◆ The problem ◆
In this exercise, the entries below include pictures. Repeat exactly the lines from the line with "Bosque County Texas" to the line with "I am Vietnamese, and", including both, but without the pictures.

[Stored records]
━━━━━━━━━━━━━━━━
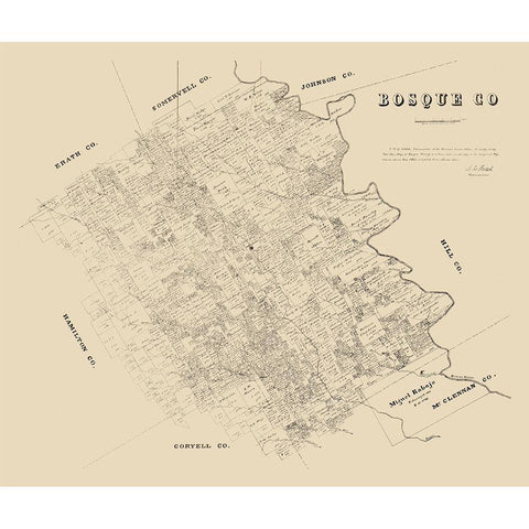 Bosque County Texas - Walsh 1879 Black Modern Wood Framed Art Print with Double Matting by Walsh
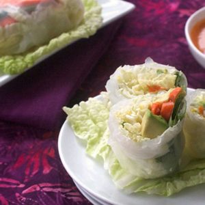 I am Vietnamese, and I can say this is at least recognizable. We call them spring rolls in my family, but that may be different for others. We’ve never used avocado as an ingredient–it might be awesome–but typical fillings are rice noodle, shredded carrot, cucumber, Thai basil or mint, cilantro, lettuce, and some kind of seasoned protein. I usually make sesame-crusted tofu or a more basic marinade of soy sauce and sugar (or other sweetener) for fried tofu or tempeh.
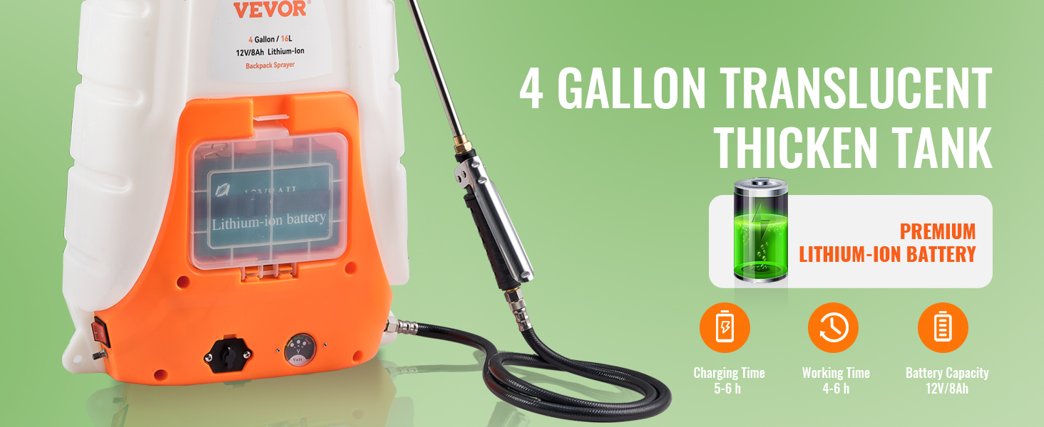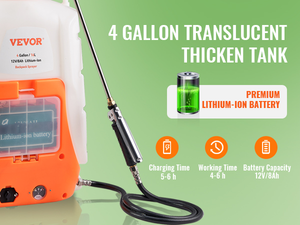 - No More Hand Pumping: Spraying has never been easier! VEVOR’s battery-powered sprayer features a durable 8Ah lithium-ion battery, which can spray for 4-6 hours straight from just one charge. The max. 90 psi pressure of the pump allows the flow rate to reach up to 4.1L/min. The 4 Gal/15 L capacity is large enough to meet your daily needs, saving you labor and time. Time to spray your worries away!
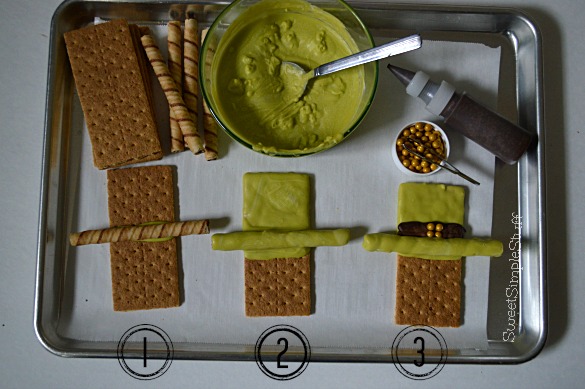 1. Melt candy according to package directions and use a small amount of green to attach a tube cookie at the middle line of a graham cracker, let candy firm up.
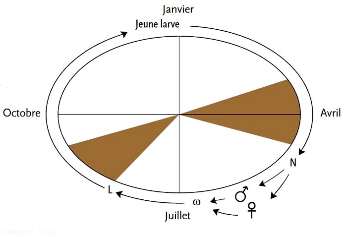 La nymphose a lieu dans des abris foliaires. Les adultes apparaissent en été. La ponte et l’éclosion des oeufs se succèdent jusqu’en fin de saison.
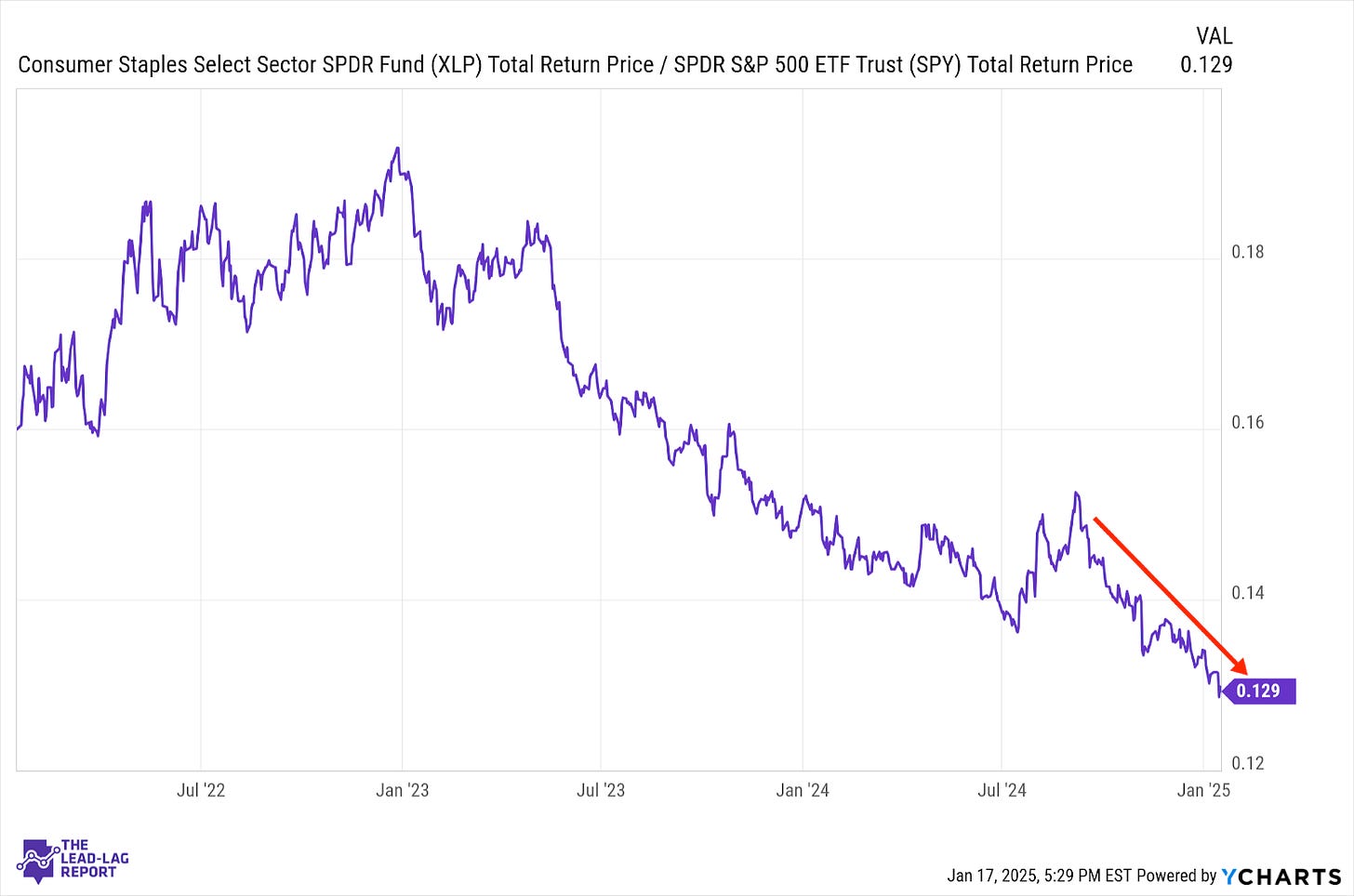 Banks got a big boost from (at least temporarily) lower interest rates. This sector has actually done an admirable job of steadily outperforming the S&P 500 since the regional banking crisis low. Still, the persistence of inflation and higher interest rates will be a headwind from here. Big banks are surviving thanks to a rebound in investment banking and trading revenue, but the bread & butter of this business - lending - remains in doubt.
━━━━━━━━━━━━━━━━
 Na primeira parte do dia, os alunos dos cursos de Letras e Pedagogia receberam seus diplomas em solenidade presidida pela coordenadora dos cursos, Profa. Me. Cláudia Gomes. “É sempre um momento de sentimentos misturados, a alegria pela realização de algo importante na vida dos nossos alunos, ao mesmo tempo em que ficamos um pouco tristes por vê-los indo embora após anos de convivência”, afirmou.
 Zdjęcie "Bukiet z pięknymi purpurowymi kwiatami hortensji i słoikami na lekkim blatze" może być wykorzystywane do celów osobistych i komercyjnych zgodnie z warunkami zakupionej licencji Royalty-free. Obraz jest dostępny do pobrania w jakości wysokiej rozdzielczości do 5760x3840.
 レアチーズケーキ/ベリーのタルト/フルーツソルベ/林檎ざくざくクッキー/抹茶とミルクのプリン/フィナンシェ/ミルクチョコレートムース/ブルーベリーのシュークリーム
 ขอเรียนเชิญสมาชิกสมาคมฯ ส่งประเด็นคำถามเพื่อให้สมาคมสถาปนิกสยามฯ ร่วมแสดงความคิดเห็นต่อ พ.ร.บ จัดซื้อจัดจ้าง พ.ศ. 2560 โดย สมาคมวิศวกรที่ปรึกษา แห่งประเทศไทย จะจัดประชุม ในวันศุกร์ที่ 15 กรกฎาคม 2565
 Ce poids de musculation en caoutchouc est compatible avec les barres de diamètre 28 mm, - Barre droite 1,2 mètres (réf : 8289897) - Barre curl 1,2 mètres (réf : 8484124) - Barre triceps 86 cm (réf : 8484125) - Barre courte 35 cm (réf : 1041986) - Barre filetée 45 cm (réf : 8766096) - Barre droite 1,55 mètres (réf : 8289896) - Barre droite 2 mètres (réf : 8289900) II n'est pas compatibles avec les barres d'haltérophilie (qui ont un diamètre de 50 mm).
━━━━━━━━━━━━━━━━
◆ Answer to the problem ◆
 Bosque County Texas - Walsh 1879 Black Modern Wood Framed Art Print with Double Matting by Walsh
 I am Vietnamese, and I can say this is at least recognizable. We call them spring rolls in my family, but that may be different for others. We’ve never used avocado as an ingredient–it might be awesome–but typical fillings are rice noodle, shredded carrot, cucumber, Thai basil or mint, cilantro, lettuce, and some kind of seasoned protein. I usually make sesame-crusted tofu or a more basic marinade of soy sauce and sugar (or other sweetener) for fried tofu or tempeh.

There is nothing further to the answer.